Frustration about coming out and some anger at not being able to lead their lives the way they felt they should be able to is talked about. Suicides are mentioned and the pain of not being able to live openly is obvious. One man went to his family doctor and told him he was homosexual and ended up being sent to a doctor who practiced aversion therapy. The patient was smart enough to know that this doctor was a fraud and left, but he still suffered bouts of depression for years.
Except for an awareness of who they are and who they have become, there didn’t seem to be much of a change in outlook or understanding from either their families or communities. Many of these men are wary of the gay community and the stereotypical gay man. They don’t understand camping and dishing or radical activism like ACT-UP. Some of them said they would become activists if necessary, but they preferred to stay in the background.

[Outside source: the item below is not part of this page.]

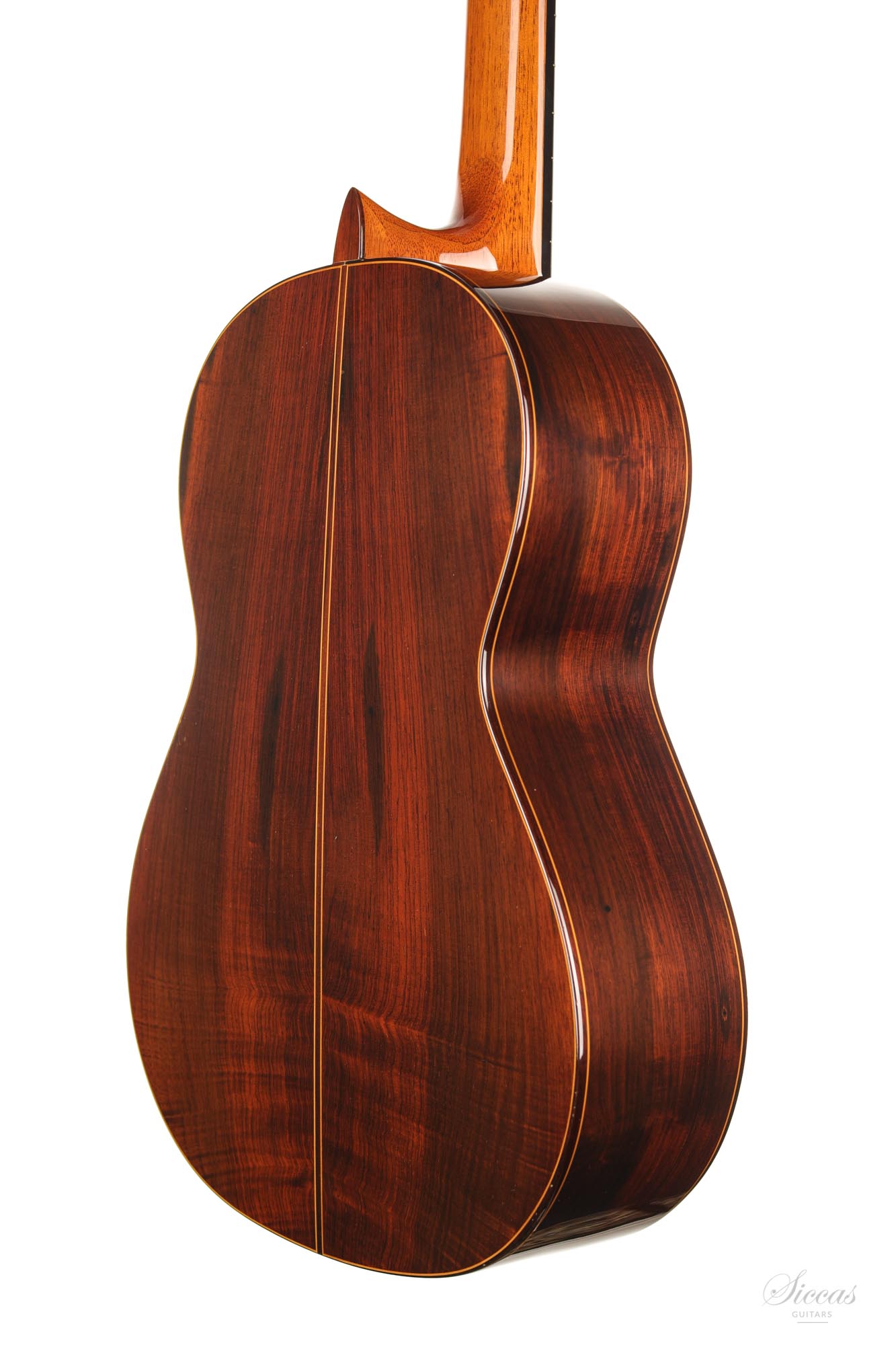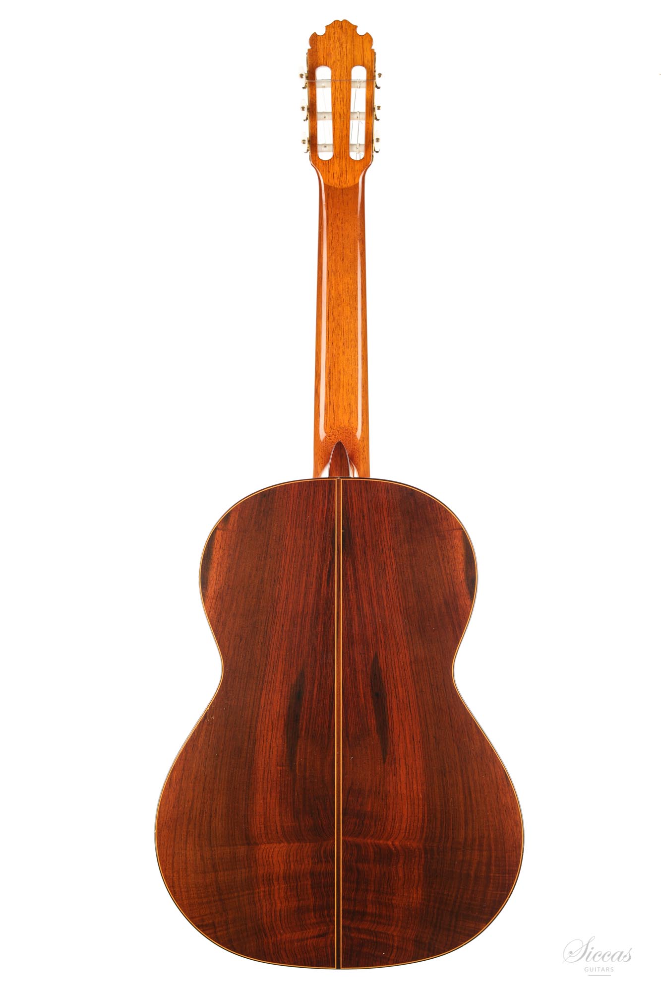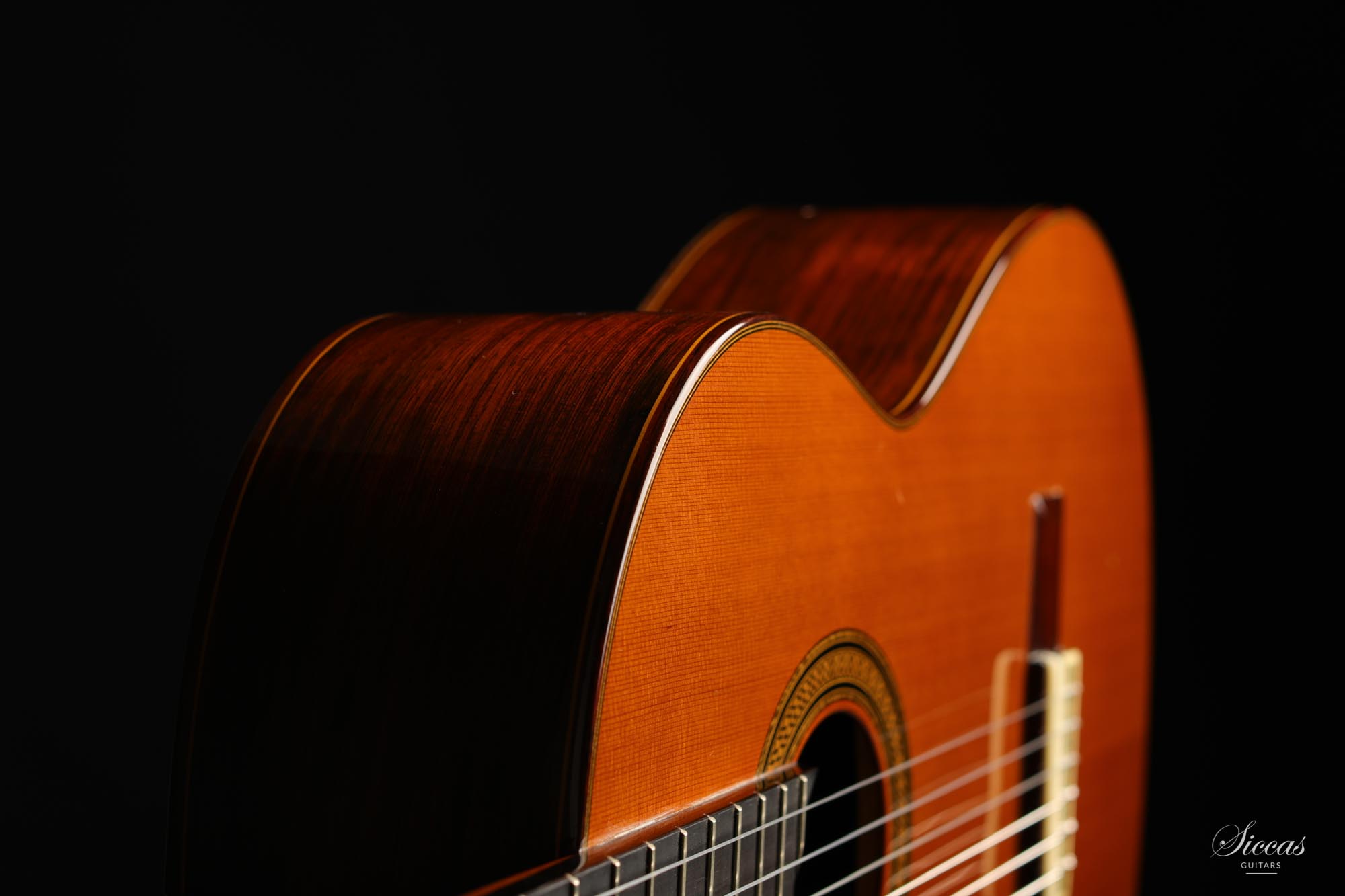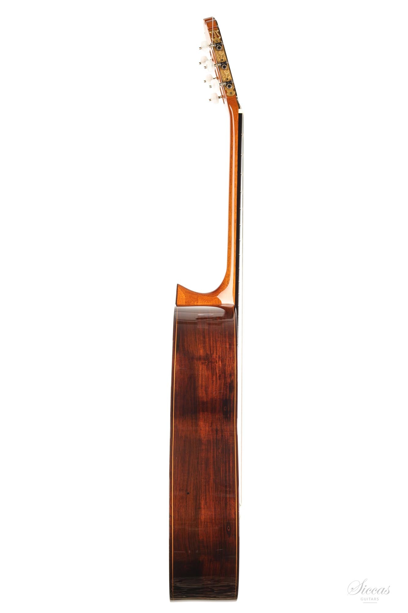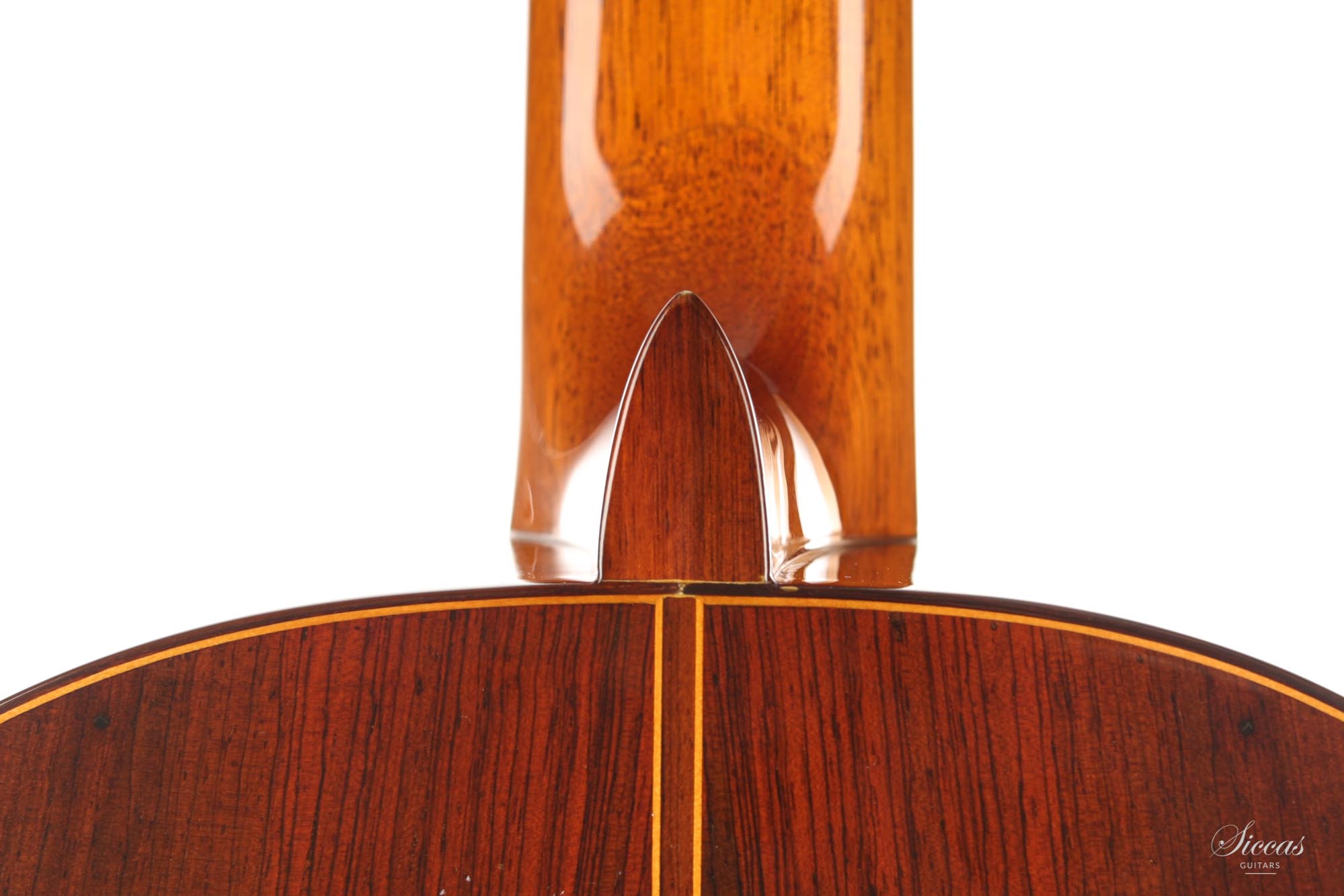 This guitar, built in 1980, is extremely interesting as it contains two of Contreras' great innovations. This "Doble Tapa" model, a highly sought-after and internationally successful model, is characterized by the famous curved bracing and the "Doble Tapa", which in this case means a second coat/layer of cedarwood on the inside of the back. The curved bracing is an exclusive innovation from the Contreras workshop and consists of a fan-shaped bracing with curved beams that following the curvature of the body. This allows the bracing to be stiffened without increasing the weight, thus reducing the number of bracing elements. The top is therefore lighter and swings more freely. The second innovation, the "Doble Tapa", is placed inside to get more sound projection. So the back is a combination of flexible red cedar and stiff Brazilian rosewood (CITES certified). Moreover, the set of Brazilian rosewood chosen for this instrument is simply magnificent, with tight grain and colorful reflections. This guitar is in excellent playing condition, has no cracks and only a few traces of playing.

Coming of Age Between the Mid-1970s and 1980s:
This era saw major mass-media attention in print and on television. One of the main events was Anita Bryant’s campaign to repealing a gay rights ordinance in Florida. The were the Stonewall Riots in New York City and several major motion pictures came out with strong gay and lesbian images. Interestingly enough, in the introduction Fellows relates the story of Minnie, who was an old maid in very manly dress. You can just bet you bottom dollar that Minnie was as confused as the young men in these stories. I can witness that by mentioning my own self-sufficient, farmer aunt who came out at 66, found a partner and now lives in Taos, New Mexico with a pack of lesbians.

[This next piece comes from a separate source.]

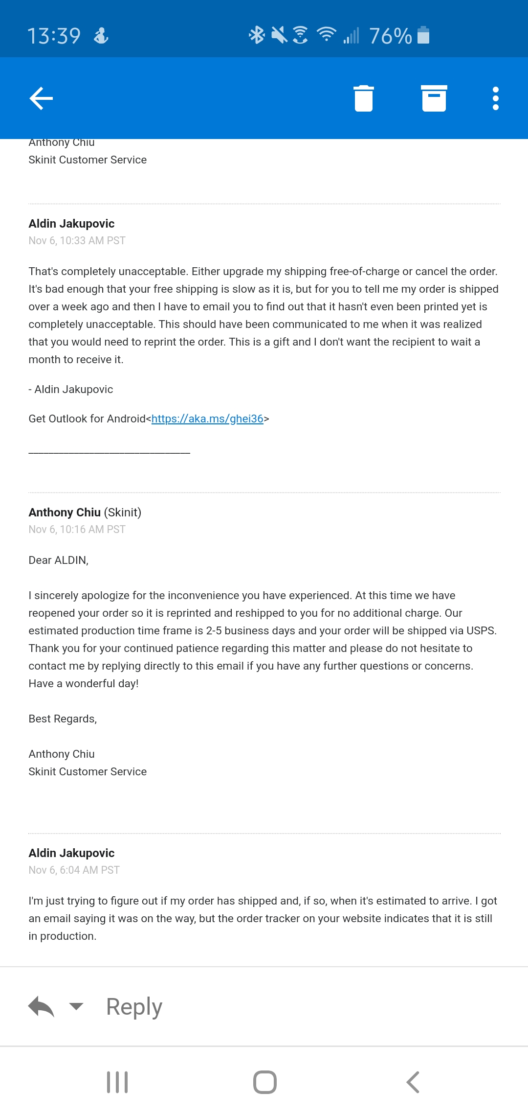 AVOID this company at all costs. Their website looks good and was enough to draw me in to make a purchase but dealing with them is a complete headache. I can't imagine how unprofessional things must be on their end. I placed an order a few weeks ago and I received an email on 10/28 that it had shipped. Their free shipping method is painfully slow (you could probably hitchhike from SD to Chicago faster) but it's free so that makes it more acceptable. So I waited and waited, checking my mail after giving it a week of transit time since they don't provide tracking information with their free shipping and nothing showed up. Even stuff I ordered from the UK AFTER ordering from SkinIt had already showed up. I finally go online and track the order on their website and it says that my order hadn't even shipped yet and was still being printed! I emailed them to find out what was going on and they informed me that the order had been "reopened" (who closed it?) and that it would ship within 2-5 business days, plus an additional 7-10 business days for delivery on top of the damn near 3 weeks I have already waited! But at least they appreciated my patience and apologized for any inconvenience (helpful right?). No explanation as to why it hasn't shipped. Why it was "reopened"? Why did I have to reach out to them first instead of them informing me considering the huge delay? Basically just a "sorry" and keep waiting and we may or may not decide to ship your order. I told the customer service rep via email that I wanted free upgraded shipping due to the inconvenience that was entirely their fault and they wouldn't even consider it so I just cancelled the order instead. You charge $17 for a piece of 3M film, have the slowest snail mail shipping, and can't even provide the simplest form of customer service to a justifiably disgruntled customer? I'll be sure to spread the word. Thanks!

Many of these men left the farms to make lives for themselves in urban areas while still retaining that sense of belonging on a farm. Will Fellows writes that men who have moved into cities and urban areas have been “informed by a hard-working, persistent passion to be productive and nurturing. There is mention of AIDS and deaths of friends. Some men who now live in cities said they would return home if the were stricken with the disease. They would be back with people who would care for them, no matter what.
Fellows goes on to say that he “sees the Gay Farm Boys Project as “something of a tribute to the lives of boys who come to discover that, however much they have a sense of belonging on the farm, something fundamental in their natures makes misfits of them.” It seems to me that many of these men were more like hybrid ears of corn growing up in their predictable mid-western fields.
I would recommend this book to anyone who is gay and grew up on a farm, anyone that knows someone who is gay that grew up on a farm or anyone who wants a clearer understanding of gay culture. (University of Wisconsin Press, ISBN: 0-299-15080-1).